* **Work request**
In the entries below, which lines run from the one with "Kihasználatlanság miatt, eladó" through the one with "Das Stück hinunter"? Repeat exactly those, both included, and no pictures.

* **Supplied information**
[Start of Attachment]

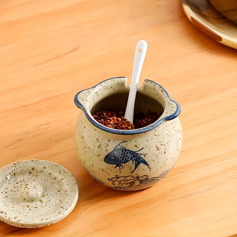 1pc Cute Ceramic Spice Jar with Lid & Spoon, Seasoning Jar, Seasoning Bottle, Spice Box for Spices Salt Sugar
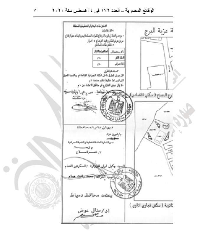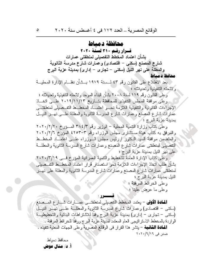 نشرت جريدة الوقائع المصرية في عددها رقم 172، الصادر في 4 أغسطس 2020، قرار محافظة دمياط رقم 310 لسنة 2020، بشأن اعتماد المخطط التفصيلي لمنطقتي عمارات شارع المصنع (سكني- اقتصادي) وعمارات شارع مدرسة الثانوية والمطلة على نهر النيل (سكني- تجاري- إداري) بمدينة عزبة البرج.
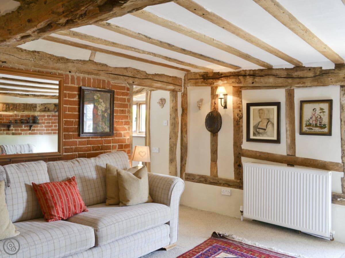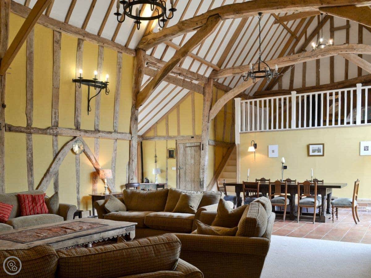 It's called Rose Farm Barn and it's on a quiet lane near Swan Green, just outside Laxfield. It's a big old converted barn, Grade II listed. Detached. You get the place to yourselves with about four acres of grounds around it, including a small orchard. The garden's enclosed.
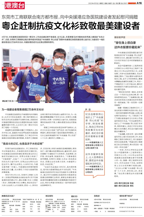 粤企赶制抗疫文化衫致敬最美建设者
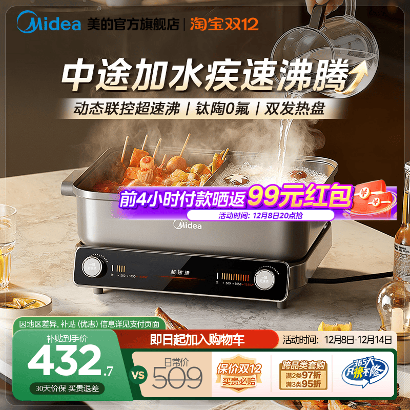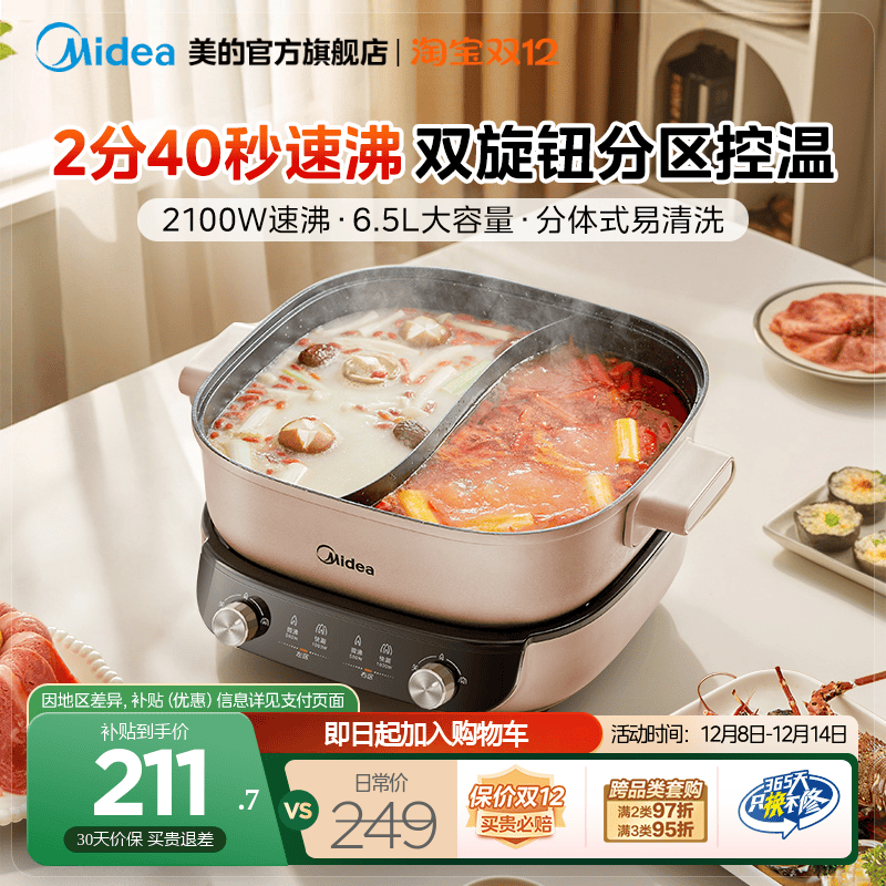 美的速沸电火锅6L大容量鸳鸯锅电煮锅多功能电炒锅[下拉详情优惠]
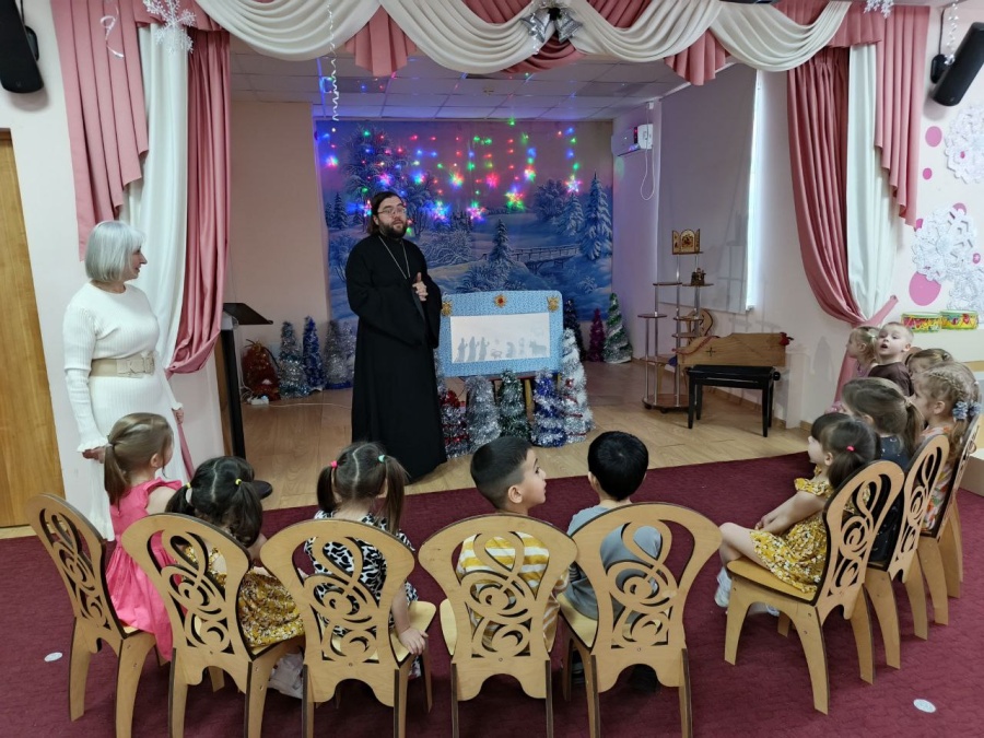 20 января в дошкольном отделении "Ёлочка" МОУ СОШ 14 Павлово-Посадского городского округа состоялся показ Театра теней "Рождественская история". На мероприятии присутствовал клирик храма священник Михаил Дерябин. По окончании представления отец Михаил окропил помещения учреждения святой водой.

[End of Attachment]
[Start of Attachment]

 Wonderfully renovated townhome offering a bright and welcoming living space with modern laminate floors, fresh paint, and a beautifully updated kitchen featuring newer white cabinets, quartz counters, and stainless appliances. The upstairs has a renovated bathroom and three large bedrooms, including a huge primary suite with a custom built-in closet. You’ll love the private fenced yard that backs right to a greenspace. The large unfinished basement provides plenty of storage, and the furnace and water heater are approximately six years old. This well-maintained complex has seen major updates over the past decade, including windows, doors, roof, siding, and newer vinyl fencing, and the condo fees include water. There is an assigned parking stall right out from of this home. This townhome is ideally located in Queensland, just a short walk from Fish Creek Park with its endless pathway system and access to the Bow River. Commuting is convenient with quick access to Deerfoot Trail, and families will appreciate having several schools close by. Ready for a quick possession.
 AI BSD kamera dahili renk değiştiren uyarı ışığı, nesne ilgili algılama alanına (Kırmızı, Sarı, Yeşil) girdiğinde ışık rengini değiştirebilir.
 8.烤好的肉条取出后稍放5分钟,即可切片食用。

[End of Attachment]
[Start of Attachment]

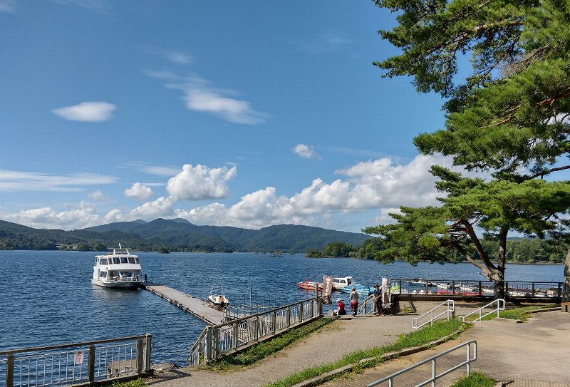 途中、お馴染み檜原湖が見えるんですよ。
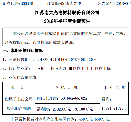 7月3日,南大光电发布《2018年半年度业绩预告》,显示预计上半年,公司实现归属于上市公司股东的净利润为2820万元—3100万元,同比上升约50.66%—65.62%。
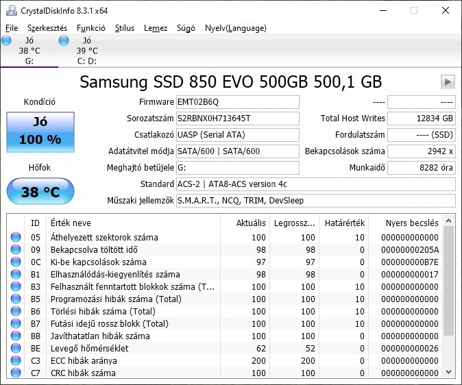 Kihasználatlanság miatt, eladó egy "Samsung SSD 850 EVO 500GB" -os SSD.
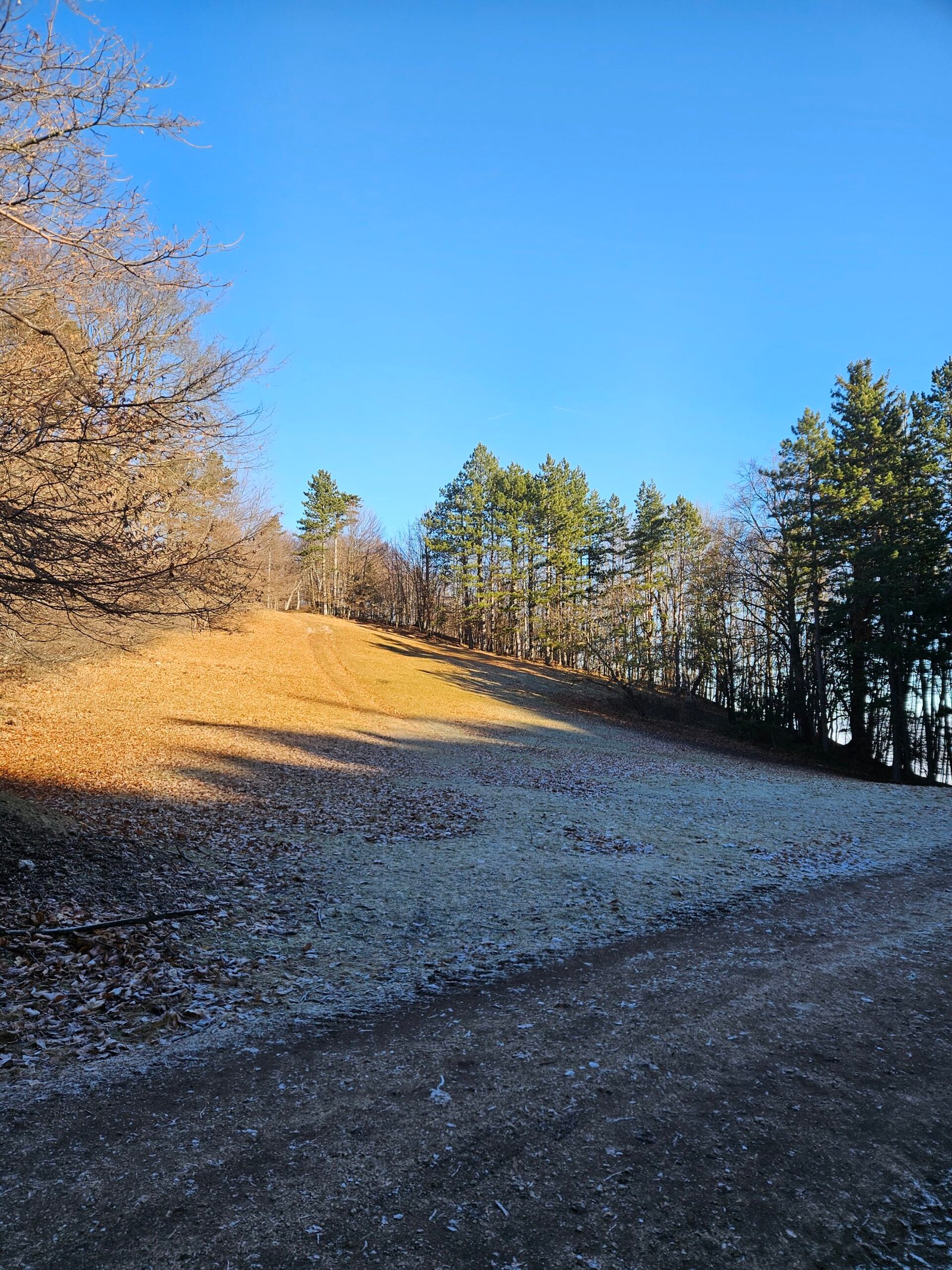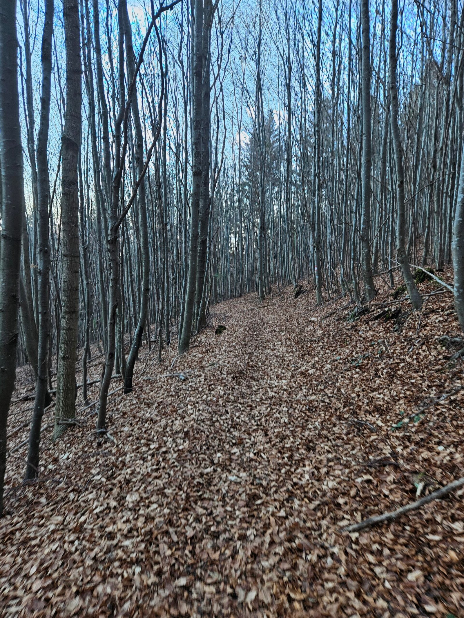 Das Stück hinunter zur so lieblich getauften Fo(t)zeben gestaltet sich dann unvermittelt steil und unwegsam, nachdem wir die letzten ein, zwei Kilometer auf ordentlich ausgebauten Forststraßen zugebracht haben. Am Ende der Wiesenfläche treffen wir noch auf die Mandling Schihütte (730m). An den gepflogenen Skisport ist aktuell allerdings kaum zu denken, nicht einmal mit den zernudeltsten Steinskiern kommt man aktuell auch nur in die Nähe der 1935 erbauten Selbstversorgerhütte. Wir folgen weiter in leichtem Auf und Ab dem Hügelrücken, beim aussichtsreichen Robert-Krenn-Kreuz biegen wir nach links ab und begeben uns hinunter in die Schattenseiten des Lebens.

[End of Attachment]

* **Finished task**
 Kihasználatlanság miatt, eladó egy "Samsung SSD 850 EVO 500GB" -os SSD.
 Das Stück hinunter zur so lieblich getauften Fo(t)zeben gestaltet sich dann unvermittelt steil und unwegsam, nachdem wir die letzten ein, zwei Kilometer auf ordentlich ausgebauten Forststraßen zugebracht haben. Am Ende der Wiesenfläche treffen wir noch auf die Mandling Schihütte (730m). An den gepflogenen Skisport ist aktuell allerdings kaum zu denken, nicht einmal mit den zernudeltsten Steinskiern kommt man aktuell auch nur in die Nähe der 1935 erbauten Selbstversorgerhütte. Wir folgen weiter in leichtem Auf und Ab dem Hügelrücken, beim aussichtsreichen Robert-Krenn-Kreuz biegen wir nach links ab und begeben uns hinunter in die Schattenseiten des Lebens.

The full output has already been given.